THE INSIDER
Zarion swam through red tubes, feeling the vibration of a heart, then traveled downward. Nutrients in a pile of pink sausages tamed Zarion’s appetite until the mission could be completed. Outside, a plump tower of protoplasm rubbed the spot on his stomach where a fire seemed to brew.
Inside this stomach, Zarion built a nest and laid egg sacs. An electric sensation crossed its blue, slimy, wormlike body in a chemical reaction to eureka. Zarion had no partner. The reproduction had been asexual. Everything had been accomplished alone—except for the unwitting help of the body, which was tottering to the grease-stained rectangular box of cool air to fetch precooked turkey slices. Zarion wrapped itself around the nest to keep the sacs from rolling. Once the giant sat on the recliner, feeding his face and rubbing his stomach, the universe within restabilized.
After consuming more nutrients, Zarion expelled a gooey substance which self-assembled into a protective wall around the nest.
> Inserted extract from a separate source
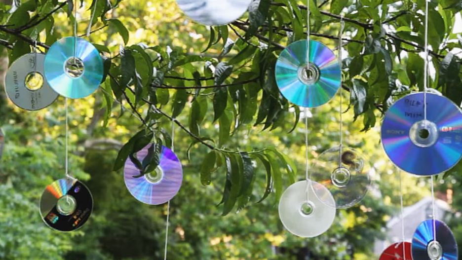 Ludzie zaczynają wywieszać płyty CD na drzewach w ogrodzie. Dzięki nim mają więcej spokoju

The heat was ambient. Below, acid boiled like lava. But certain critters hatched here.
Zarion swam upward. It passed a yellowed filtration system, charred sponges, and heard once more the beating of four chambers. The views dwarfed the most vivid science illustrations. Professors of Biology, from a research perspective, would have envied this meticulous journey through the body, unless they knew the purpose.
The insider was not on a journey; the insider was on a quest.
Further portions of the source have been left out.